The brave new world that once beckoned had become unrecognizable. So had the Ericsson conglomerate. Little more than a year after Sven-Christer Nilsson’s major re¬organization at the end of 1998 and beginning of 1999, another reorganization was announced in the spring of 2000 “to deal with the pace of technological development.”
The three business segments that had recently come into being were superseded by six business divisions. The existing operator segment was divided into two, with mobile solutions becoming a division in its own right, Mobile Systems, and being given a strong focus on the emerging 3G technology. Also new was the Data Backbone & Optical Networks division, which had its head office in Boston. This was to focus on the development of IP technology and optical networks.
In parallel with 3G, Ericsson now had high hopes for the internet. For this reason a new Internet Applications & Solutions division was created. This was to supply IP-based applications, services and solutions for mobile and fixed networks. Initially it was to have a staff of 3,000, based mainly at Kista, but was predicted to expand to 6,000 within a year.
The group management team also grew and a new staff function for business development was set up. This meant the executive team now totaled 21. “No problem” was the comment of the architect behind the reorganization, Torbjörn Nilsson, because the group management was to focus mainly on policy and strategic issues while also acting as a forum for the exchange of information.

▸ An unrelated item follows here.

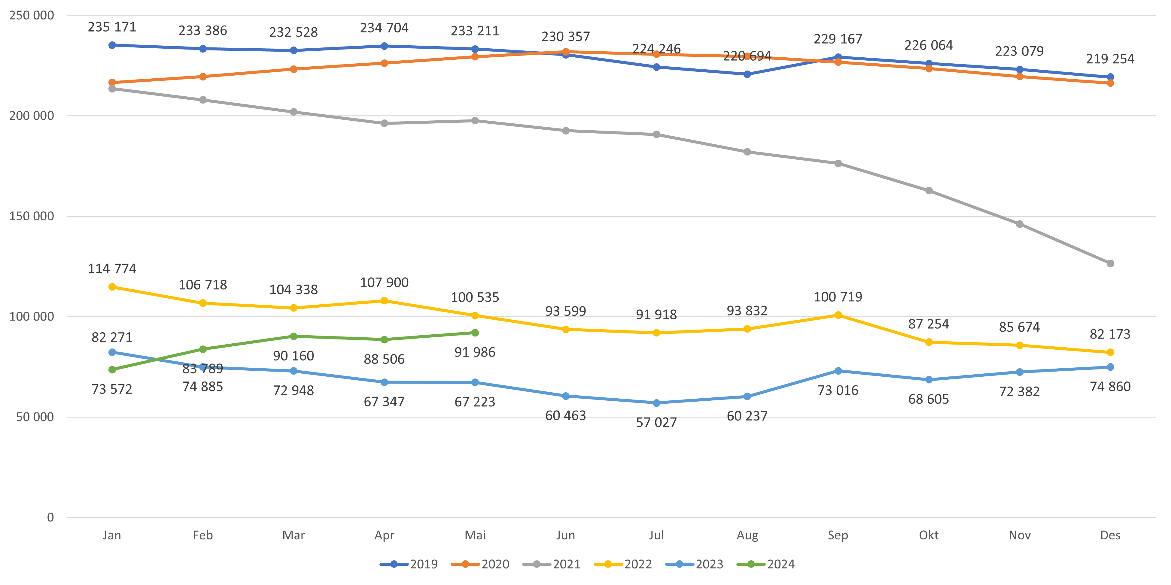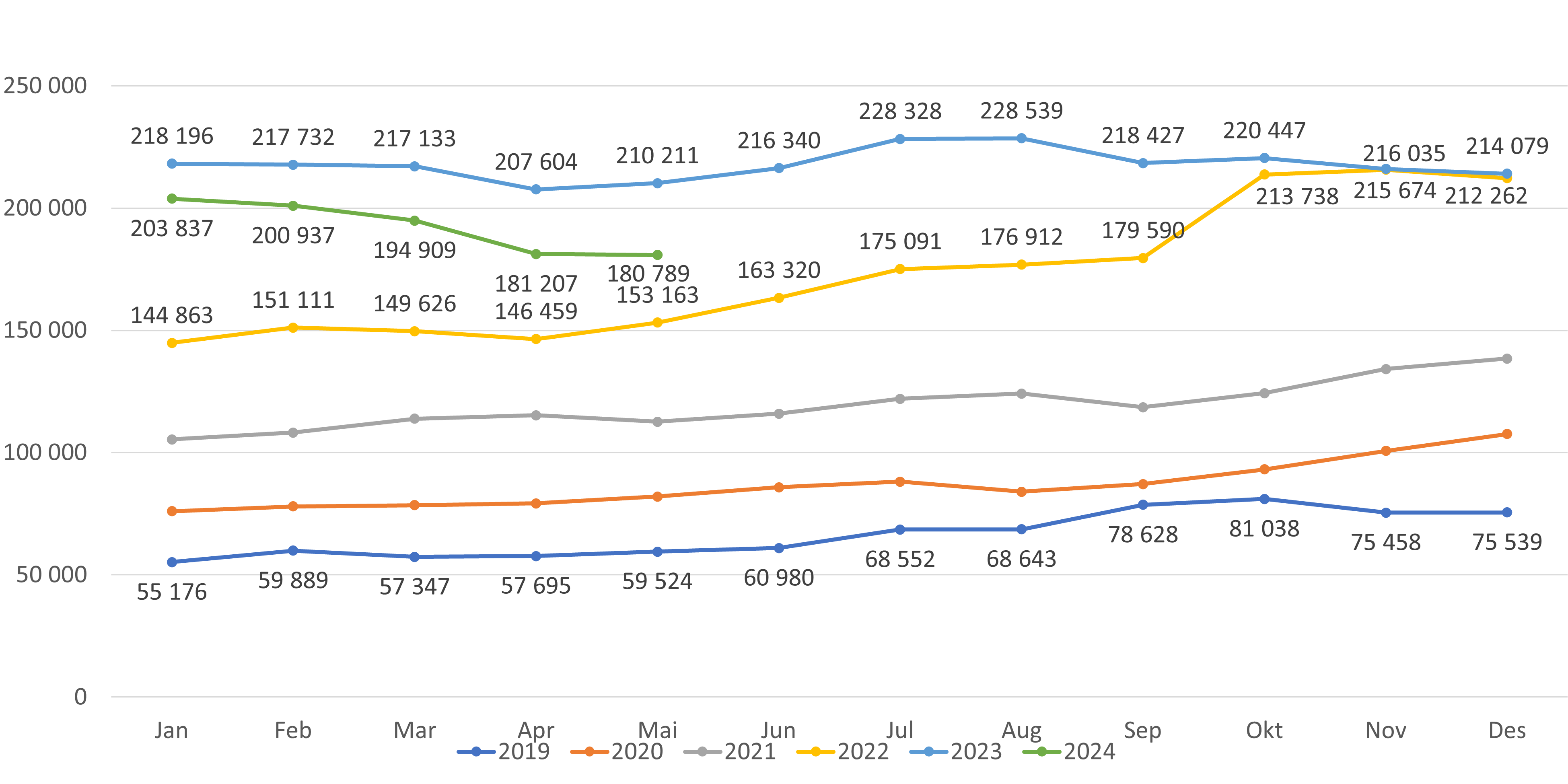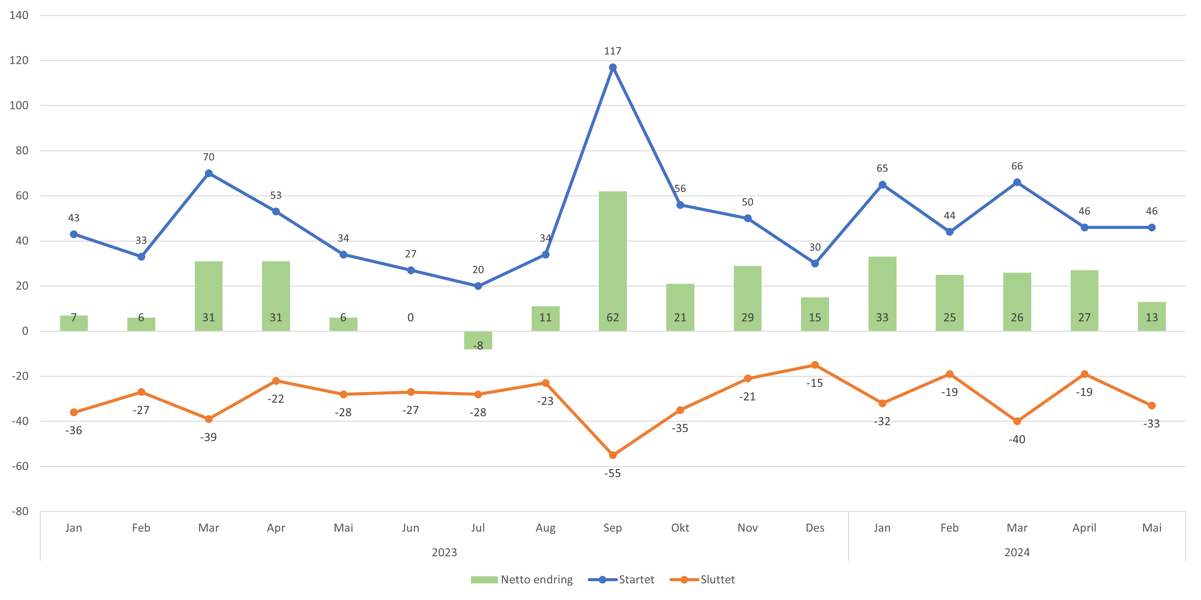 - Antall lister med fast lege har økt med 15 lister fra april til mai 2024 (figur 3 og 4). Per mai er antall lister med fast lege 5 427 lister, en økning på 135 lister hittil i 2024. Antall listeinnbyggere med fast lege har økt med omtrent 6 800 fra april til mai og med 59 000 hittil i år (se datagrunnlag).

But this new organization had hardly been launched before new changes were made in October 2000. One was to post Åke Persson to San Diego, Qualcomm’s home town, to run the American CDMA standard that Ericsson had taken over as part of the patent agreement the year before. At the beginning of 2001, the Internet Applications & Solutions division was divided in two, with Internet Applications changing its name to Core Unit Service Networks & Applications, to make it clear that its operations also included the development of platforms for services.
These were just a few of the changes. It was just about impossible to keep track of all of them.